Study material:
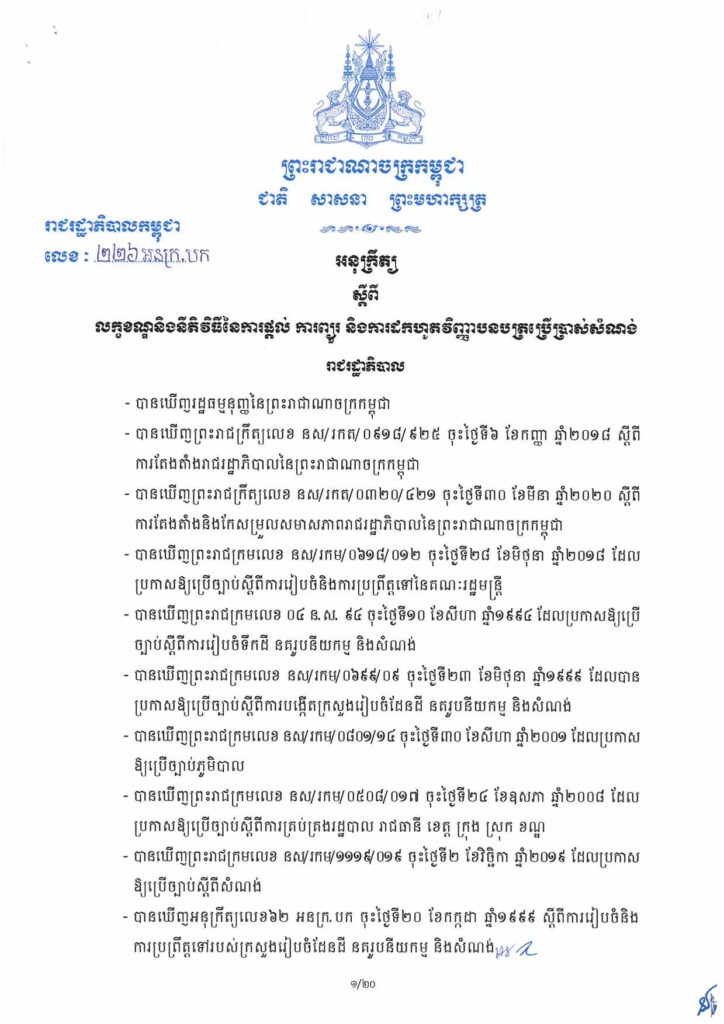 On 30 December 2020, Royal Government of Cambodia issued a Sub-decree No.226 HNK.BK on the conditions and procedures for granting, suspending and revoking certificate of occupancy which composes of 13 chapters and 55 articles (“Sub-decree No.226 HNK.BK”) under the supervision of the Ministry of Land Management, Urban Planning and Construction.
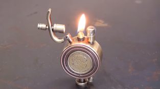 मशीन हमारे Parkhin रोमन एक पीतल के निर्माण लाइटर से पता चलता, जो एक सिक्के के साथ सजाया गया 100 दिरहकमी.
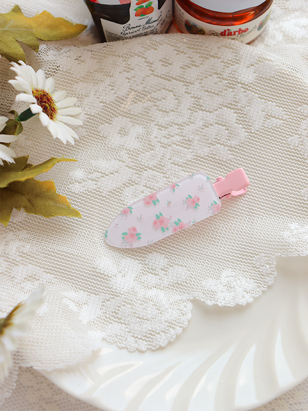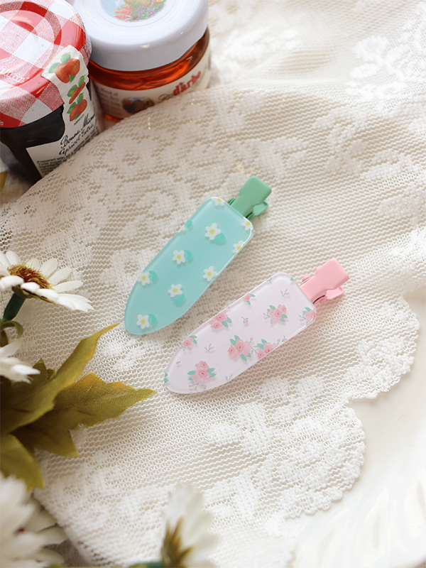 小バラと白いお花の組み合わせが少女ガーリー。洗顔やメイクをするときに便利!前髪を左右で留められるお得な2個セット♪
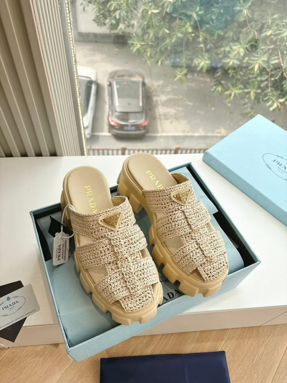 C. PR 라피아 슬라이드 - 베이지
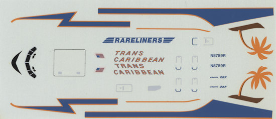 This particular sheet is from the now defunct Rareliners company. As you can see, it includes the basic markings, door openings and cockpit windows. It also offers paint information. Unfortunately, the upper color needs to be mixed and the references are for Floquil and Pactra paints, both companies bought out by Testors and their lines long discontinued. The decals are for Trans Caribbean's lone 727-100. At the time of this sheet, the -100 was the only 727 kitted and offered by both Airfix and Revell. While both of these kits have not been produced in a long time (I think the Airfix version was modified to do the longer -200), they are not difficult to find with a bit of searching. I should add that Aurora did an early 727, but I'm not sure of the scale. Instructions show both sides of the aircraft, but only offer fuselage paint information.
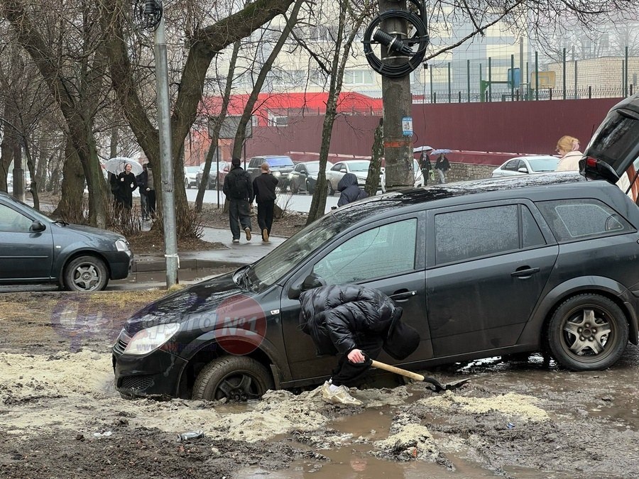 Зимой на этом участке ремонтировали теплосети. Разрытие засыпали землей и песком. Грунт просел, и автомобиль, припаркованный на газоне, сегодня попал в ловушку. Передними колесами машина увязла в газоне.
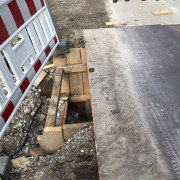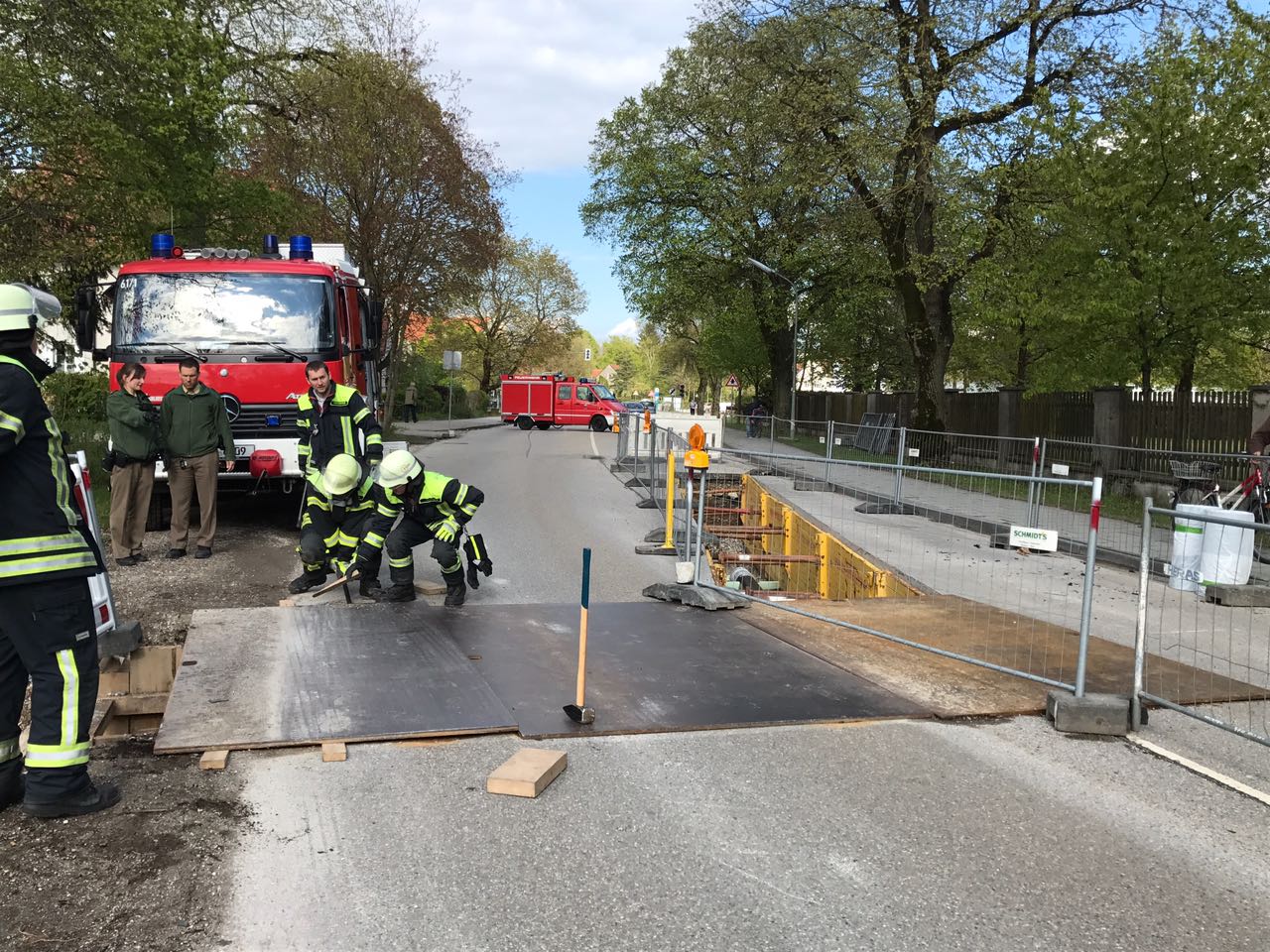 Telefonisch verständigte die Polizei die Feuerwehr Haar, dass in der Leibstraße im Baustellenbereich eine Überfahrbrücke gefährlich verschoben war.
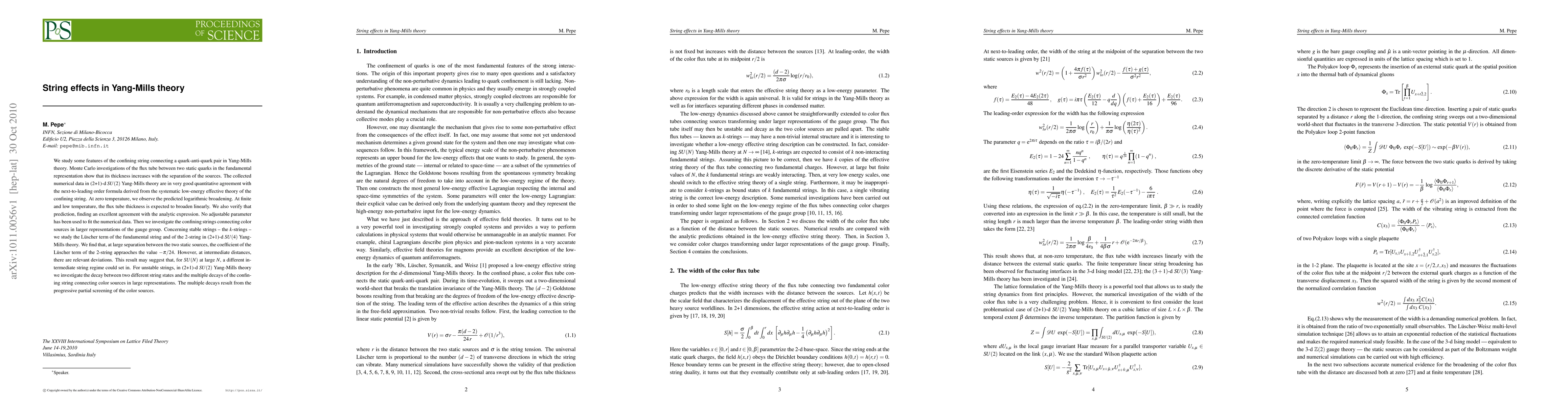 We study some features of the confining string connecting a quark-anti-quark pair in Yang-Mills theory. Monte Carlo investigations of the flux tube between two static quarks in the fundamental representation show that its thickness increases with the separation of the sources. The collected numerical data in (2+1)-d SU(2) Yang-Mills theory are in very good quantitative agreement with the next-to-leading order formula derived from the systematic low-energy effective theory of the confining string. At zero temperature, we observe the predicted logarithmic broadening. At finite and low temperature, the flux tube thickness is expected to broaden linearly. We also verify that prediction, finding an excellent agreement with the analytic expression. No adjustable parameter has been used to fit the numerical data. Then we investigate the confining strings connecting color sources in larger representations of the gauge group. Concerning stable strings -- the k-strings -- we study the Luscher term of the fundamental string and of the 2-string in (2+1)-d SU(4) Yang-Mills theory. We find that, at large separation between the two static sources, the coefficient of the Luscher term of the 2-string appraoches the value -pi/24. However, at intermediate distances, there are relevant deviations. This result may suggest that, for SU(N) at large N, a different intermediate string regime could set in. For unstable strings, in (2+1)-d SU(2) Yang-Mills theory we investigate the decay between two different string states and the multiple decays of the confining string connecting color sources in large representations. The multiple decays result from the progressive partial screening of the color sources.

What you have to do: Output the records exactly as they appear, skipping any pictures.

Task result:
 On 30 December 2020, Royal Government of Cambodia issued a Sub-decree No.226 HNK.BK on the conditions and procedures for granting, suspending and revoking certificate of occupancy which composes of 13 chapters and 55 articles (“Sub-decree No.226 HNK.BK”) under the supervision of the Ministry of Land Management, Urban Planning and Construction.
 मशीन हमारे Parkhin रोमन एक पीतल के निर्माण लाइटर से पता चलता, जो एक सिक्के के साथ सजाया गया 100 दिरहकमी.
 小バラと白いお花の組み合わせが少女ガーリー。洗顔やメイクをするときに便利!前髪を左右で留められるお得な2個セット♪
 C. PR 라피아 슬라이드 - 베이지
 This particular sheet is from the now defunct Rareliners company. As you can see, it includes the basic markings, door openings and cockpit windows. It also offers paint information. Unfortunately, the upper color needs to be mixed and the references are for Floquil and Pactra paints, both companies bought out by Testors and their lines long discontinued. The decals are for Trans Caribbean's lone 727-100. At the time of this sheet, the -100 was the only 727 kitted and offered by both Airfix and Revell. While both of these kits have not been produced in a long time (I think the Airfix version was modified to do the longer -200), they are not difficult to find with a bit of searching. I should add that Aurora did an early 727, but I'm not sure of the scale. Instructions show both sides of the aircraft, but only offer fuselage paint information.
 Зимой на этом участке ремонтировали теплосети. Разрытие засыпали землей и песком. Грунт просел, и автомобиль, припаркованный на газоне, сегодня попал в ловушку. Передними колесами машина увязла в газоне.
 Telefonisch verständigte die Polizei die Feuerwehr Haar, dass in der Leibstraße im Baustellenbereich eine Überfahrbrücke gefährlich verschoben war.
 We study some features of the confining string connecting a quark-anti-quark pair in Yang-Mills theory. Monte Carlo investigations of the flux tube between two static quarks in the fundamental representation show that its thickness increases with the separation of the sources. The collected numerical data in (2+1)-d SU(2) Yang-Mills theory are in very good quantitative agreement with the next-to-leading order formula derived from the systematic low-energy effective theory of the confining string. At zero temperature, we observe the predicted logarithmic broadening. At finite and low temperature, the flux tube thickness is expected to broaden linearly. We also verify that prediction, finding an excellent agreement with the analytic expression. No adjustable parameter has been used to fit the numerical data. Then we investigate the confining strings connecting color sources in larger representations of the gauge group. Concerning stable strings -- the k-strings -- we study the Luscher term of the fundamental string and of the 2-string in (2+1)-d SU(4) Yang-Mills theory. We find that, at large separation between the two static sources, the coefficient of the Luscher term of the 2-string appraoches the value -pi/24. However, at intermediate distances, there are relevant deviations. This result may suggest that, for SU(N) at large N, a different intermediate string regime could set in. For unstable strings, in (2+1)-d SU(2) Yang-Mills theory we investigate the decay between two different string states and the multiple decays of the confining string connecting color sources in large representations. The multiple decays result from the progressive partial screening of the color sources.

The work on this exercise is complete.